Hacker News new | ask | show | jobs
A better robots.txt standard; heres my suggestion
3 points by snowcode 1450 days ago
We need a better robots.txt standard … that tech companies (and bot writers) should be required to adhere to; Here's my simple suggestion;

Stopping a huge amount of bad bot behaviour surely could be a really simple thing to do? .. I believe it is, and here’s how …

* Bots should have to start a session by requesting robots.txt before any interaction with a website; that robots file should optionally include a correlationID / sessionID for the duration of any bot scraping, so that subsequent requests arriving from new IP addresses can be correlated back to the same bot session.

This would dramatically assist in identifying good vs bad "bot" behaviour. Especially considering that "good" /polite bot behaviour, by definition is hard to monitor, since requests may come in a few seconds apart from each other, and paused and resumed over time to deliberately avoid swamping/over working servers.

The result is that really good bots ... are hard to tag as Good bots.

* All bots shouid also have a standardised API ( which should be advertised in their request headers ) where you can make a callback to the API on a well known branded domain relating to the search engine/bot / service, where you can submit a token GUID that the bot can be required to present during all future crawls.

...since crawls would be done over https, this would be a simple enough mechanism to easily identify bot impersonators without requiring the bots to be limited to making requests from a known DNS domain.

... with a token becoming effective within a reasonable period of say 3 to 5 minutes. i.e. enough time for any distributed cache to be updatable and any bot running an existing crawl should not start a crawl session lasting longer than the same period, or if it does should check the token-is-required cache within a period no longer than the same 3 to 5 minutes. whatever is deemed pratical at today's cloud scale.

What do you think?

p.s. my thoughts are based on my experience of code I've written for running on the cheap, on edge computing “CloudFlare workers”; which presents an interesting challenge of how to do this without access to distributed caching etc. (yes they do exist at edge, but can't be used without increasing latency or costs being worse than the traffic you’re trying to block. So it's just about what can easily be done on the cheap; to block say 80% of bad traffic for like 1% of effort) My code doesn’t have to be perfect, just effective.

2 comments

Keep in mind bots don’t always honour robots.txt

If it’s public, and you declare certain content not to be scraped, it will still be scraped in some cases.
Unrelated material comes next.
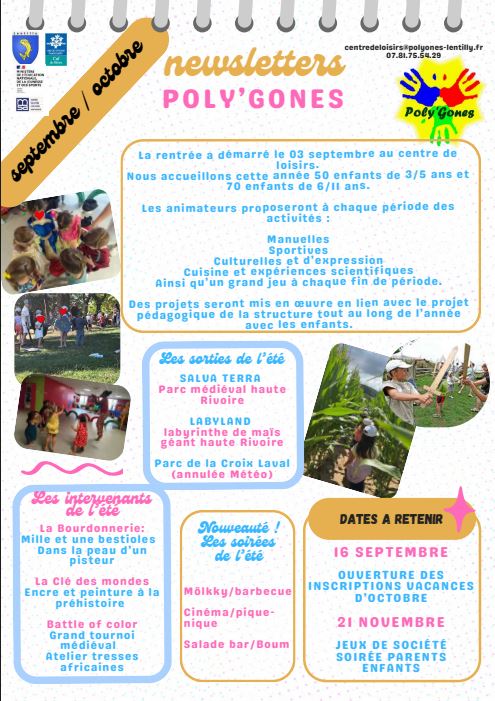 Découvrez aussi notre nouvelle gazette avec quelques photos des sorties de l'été et les dates importantes à retenir, notamment la 1e soirée jeux de société parents/enfants prévue le 21 novembre :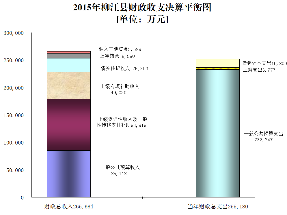 2015年,我县财政总收入265,664万元(当年地方财政总收入257,084万元,加上年结转收入8,580万元),减当年财政总支出255,180万元,减结转(专项结转)下年的支出10,484万元,当年财政收支平衡。

So don’t rely on it.

It’s a guideline only.

agreed; and it's the reason for this post. I have a cloudflare worker (code I've written) that tracks requests for robots.txt and then tracks if the requestor's session honours the robots allow and dissallow and forces the correct behaviour, i.e. robots that request files from a dissalow path my worker code returns 401. The problem is that I can't track bot behavior when good bots "continue" their session after requesting robots.txt (with a brief pause) because by then they probably (mostly do, according to my logs) make subsequent requests using IP addresses (or agents) from a pool, resulting in requests coming in from multiple IP addresses.

i.e. no way to manage or track bot sessions, and thus no way to monitor if they are adhering to the robots.txt allow/dissallow.
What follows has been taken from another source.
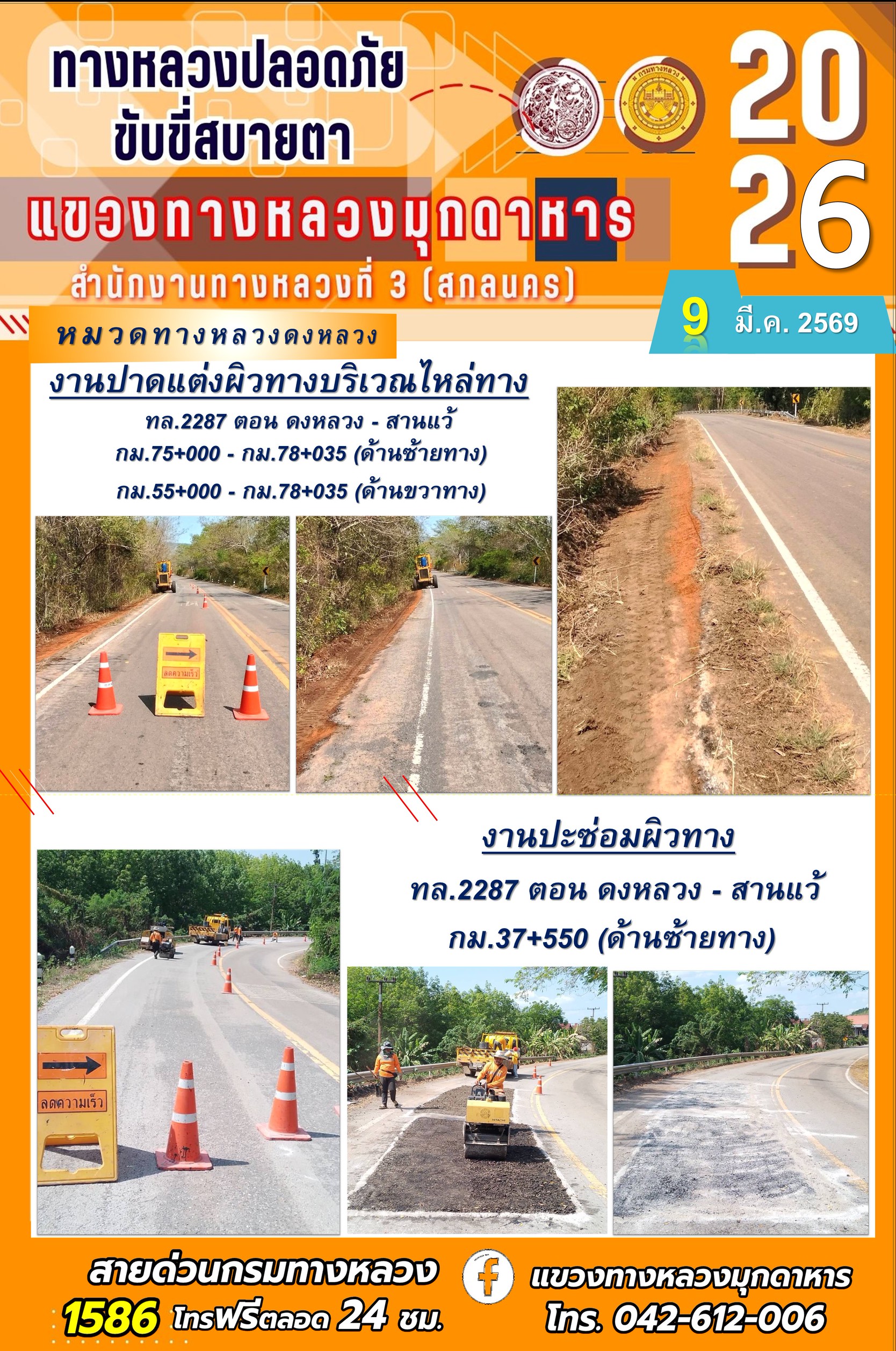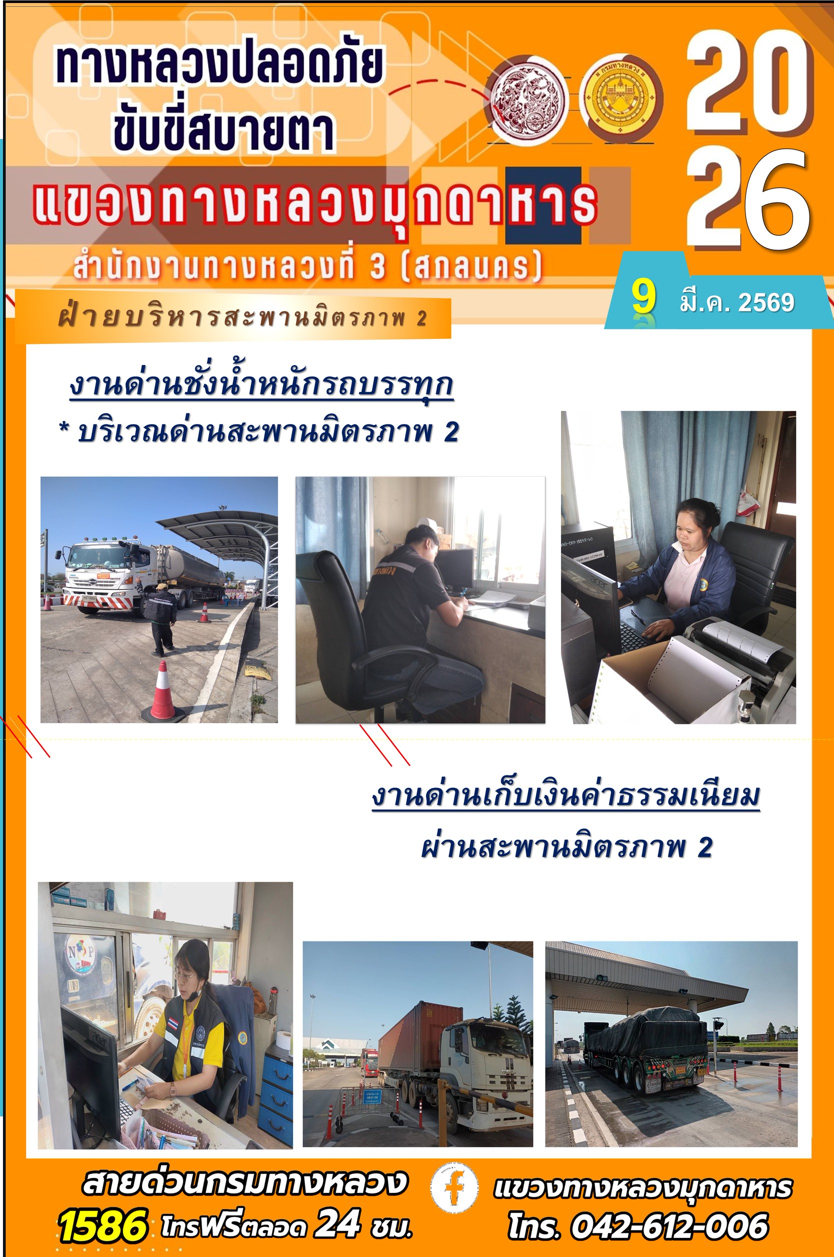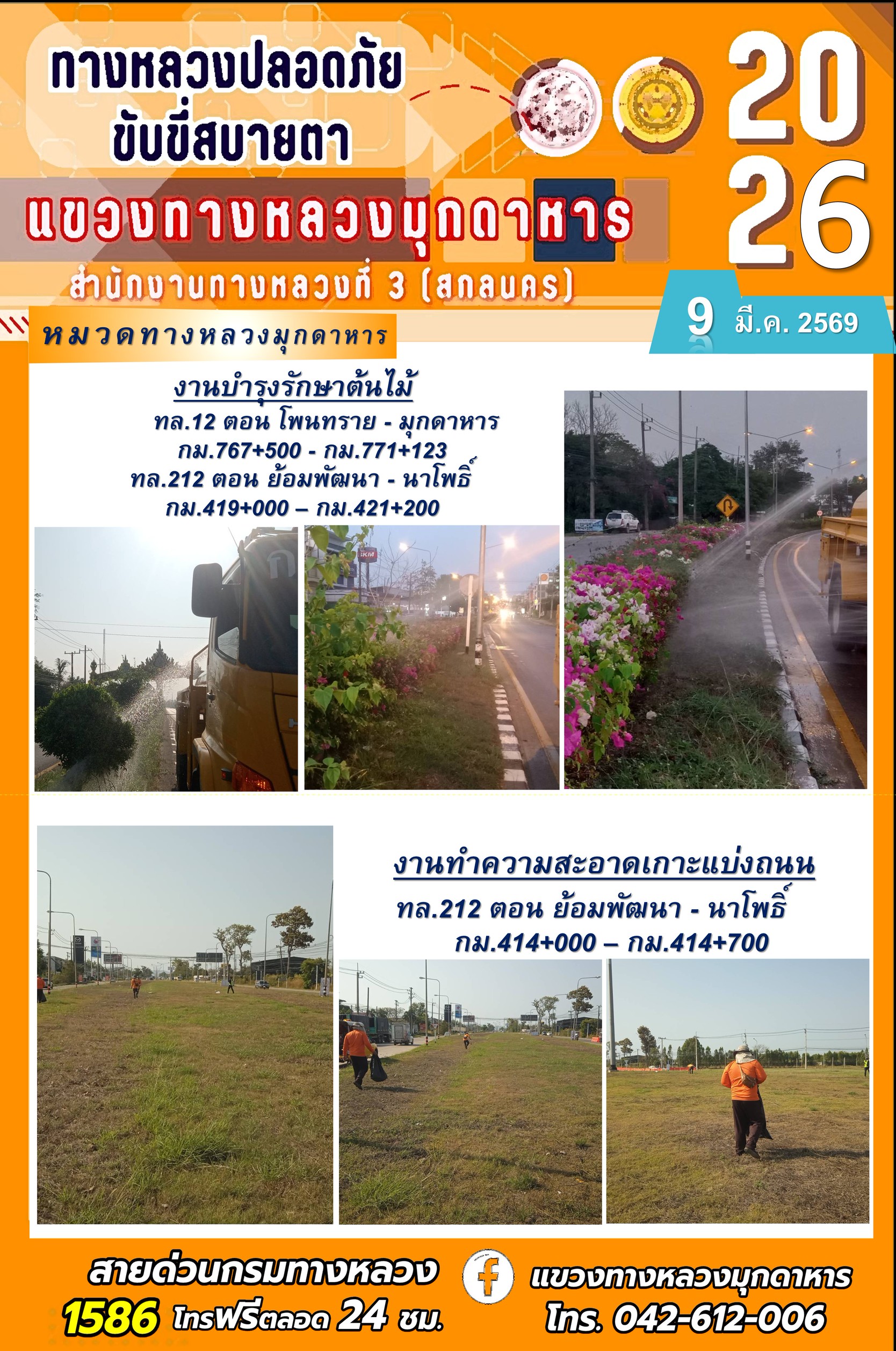 ประจำวันที่ 9 มีนาคม 2569 โครงการทางหลวงปลอดภัย ขับขี่สบายตา หน่วยงานในสังกัดแขวงทางหลวง

For now; the only way for me to be able to remove bad bots from my site, is to stick exclusively to bots that I can get a reliable set of IP addresses from; at this juncture that's just Google and Bing's bots, roughly, and then ignore the requests for robots.txt.

My suggestion, (this ycombinator post), is to have a reliable way of tracking robots, that's easy for low tech (amateur) bot builders to adhere to, and thus very efficiently block bad bot behaviour without punishing good bots, and allow site owners to be fully in control of pay for, and serving traffic to only the visitors they want on their sites.

update: forgot to say .. my code also blocks requests from bots that don't read robots.txt first. The tricky part of course is not accidentally tagging a real user, or a user using some genuine accesibility assistance tool as a bot. someone using curl for example; I dont mind a false negative and blocking his/her request, because if I want to make parts of my site available programmatically I would create an API for the bits that should be available programmatically, which currently is nothing.

another update: my suggestion of privately sending bots you want to "allow" to scrape your site, would make it trivial to ban bad bots. No guid, no enter.

Bots that flood your site, effectively DDOS the site, are no different to hackers trying to DDOS your site and would be dealt with as an illegal hacking attempt .. not a "legal" bot configuration issue.

It instantly puts all traffic into 2 buckets, legal and illegal. Versus 3 buckets of legal, badbot and illegal.

tools like "scrapeshield" et al already exist, so my suggestion would allow those vendors to make their scrapeshields even more focused, and allow me to build my poor man's version of those tools, since I dont want to pay for anything. even if it's $5 a month, or $5 a year per domain for some anti-scraping that's a deal breaker for me, since I'm managing hundreds of domains.

more thoughts; Invert allow/disallow

Robots.txt should be inverted, with everything disallowed by default, and only allowed paths to be configured. Requiring site owners to explicitly list dissalowed secret folders is ludicrous. How this became de-facto is hard to fathom. If a site owner wants to allow everything then he/she should have to explicitly add a global allow.